▶ **Recorded data**
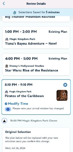 You can use this method after you have made all of your initial selections and confirmed your purchase. This tip can help you find better times for attractions that you have already booked. When you are on the main screen, tap on the selection you are looking to modify the time for and then select “Modify Plan” in the pop-up.
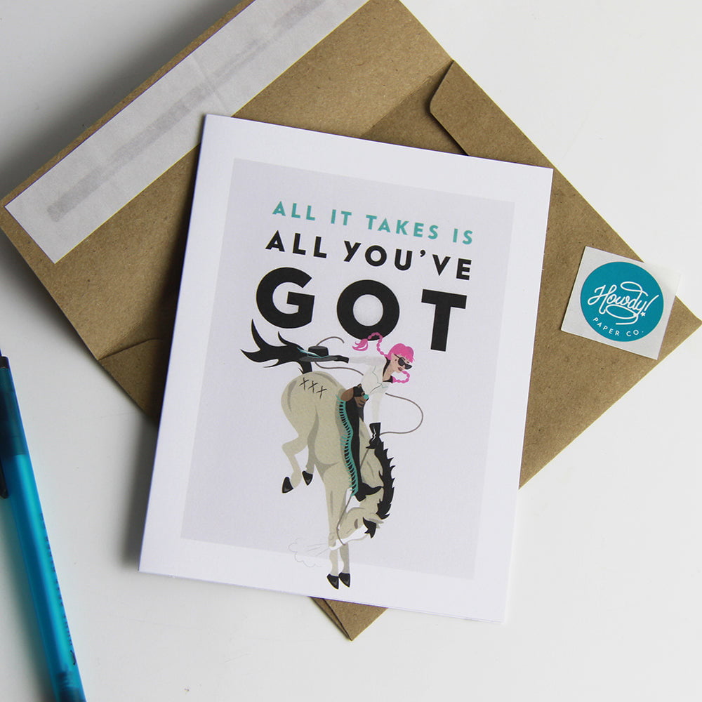 Part of our Howdy! Western + Everyday Collection. Show your support when times get tough for those you love. Sometimes all they need is a little reminder to give it all they've got, and hard work always pays off! Horse people encourage each other and empower our fellow equestrians to keep those heels down and use more leg. Giddy up, time to take life by the horns and DIG IN!
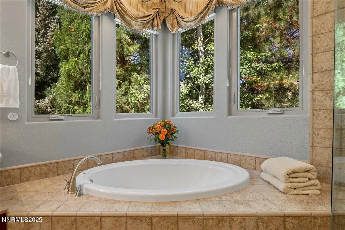 Mountain Views in Montreux! This luxurious single-level presents outstanding curb appeal, private lush landscaping, and extensive upgrades. The interior courtyard is an open-air oasis, providing luminous natural sunlight. Recent improvements include Thermador double oven, new interior paint, Primary Bath bidet, new LED lights, new attic ladder access, and approximately 50 new foliage plantings. Ease right into the Country Club lifestyle - Montreux Sports Membership included. Gourmet Kitchen features Granite countertops, Miele dishwasher, Thermador cooktop, warming drawer, and pull-out cabinet shelves. Kitchen and Laundry were expanded to create extra space and storage. Second Living Room/Bar is impressively equipped with temperature- controlled wine cabinet, ice maker, and refrigerator drawer. Slate tile, hardwood floors, Alder baseboards, and remarkable built-ins throughout. Other recent improvements include new electrical in Kitchen, new interior garage steps, and recently repaired furnace. The home has two almost new water heaters, newer acrylic stucco, roof system, reinforced shear walls, insulated garage doors, and re-sealed and re-installed windows. Surround Sound in Family Room. Peaceful backyard is outfitted with a built-in BBQ, expansive paver patio, hot tub, full mature trees, and 11 rose bushes. Interior Courtyard includes cables that support drop canvas covering. Welcome to Montreux, Northern Nevada's premier private golf course community. This 24/7 security gated luxury community surrounds an 18-hole, Jack Nicklaus Signature Championship Course (Par 72), with world-class Clubhouse amenities. This home on 16956 Rue du Parc is conveniently located near Montreux's main entrance, enjoys easy access to the community's paver walking trail, and is just a short stroll to all the Clubhouse action. In only 20 minutes, you can be skiing at Mt. Rose Ski Resort or jetting off from the Reno-Tahoe International Airport. Beautiful Lake Tahoe is a just a 30-minute leisurely drive away.

▶ **Exercise brief**
Please give back every line above exactly as it stands, without pictures.

▶ **Exercise result**
 You can use this method after you have made all of your initial selections and confirmed your purchase. This tip can help you find better times for attractions that you have already booked. When you are on the main screen, tap on the selection you are looking to modify the time for and then select “Modify Plan” in the pop-up.
 Part of our Howdy! Western + Everyday Collection. Show your support when times get tough for those you love. Sometimes all they need is a little reminder to give it all they've got, and hard work always pays off! Horse people encourage each other and empower our fellow equestrians to keep those heels down and use more leg. Giddy up, time to take life by the horns and DIG IN!
 Mountain Views in Montreux! This luxurious single-level presents outstanding curb appeal, private lush landscaping, and extensive upgrades. The interior courtyard is an open-air oasis, providing luminous natural sunlight. Recent improvements include Thermador double oven, new interior paint, Primary Bath bidet, new LED lights, new attic ladder access, and approximately 50 new foliage plantings. Ease right into the Country Club lifestyle - Montreux Sports Membership included. Gourmet Kitchen features Granite countertops, Miele dishwasher, Thermador cooktop, warming drawer, and pull-out cabinet shelves. Kitchen and Laundry were expanded to create extra space and storage. Second Living Room/Bar is impressively equipped with temperature- controlled wine cabinet, ice maker, and refrigerator drawer. Slate tile, hardwood floors, Alder baseboards, and remarkable built-ins throughout. Other recent improvements include new electrical in Kitchen, new interior garage steps, and recently repaired furnace. The home has two almost new water heaters, newer acrylic stucco, roof system, reinforced shear walls, insulated garage doors, and re-sealed and re-installed windows. Surround Sound in Family Room. Peaceful backyard is outfitted with a built-in BBQ, expansive paver patio, hot tub, full mature trees, and 11 rose bushes. Interior Courtyard includes cables that support drop canvas covering. Welcome to Montreux, Northern Nevada's premier private golf course community. This 24/7 security gated luxury community surrounds an 18-hole, Jack Nicklaus Signature Championship Course (Par 72), with world-class Clubhouse amenities. This home on 16956 Rue du Parc is conveniently located near Montreux's main entrance, enjoys easy access to the community's paver walking trail, and is just a short stroll to all the Clubhouse action. In only 20 minutes, you can be skiing at Mt. Rose Ski Resort or jetting off from the Reno-Tahoe International Airport. Beautiful Lake Tahoe is a just a 30-minute leisurely drive away.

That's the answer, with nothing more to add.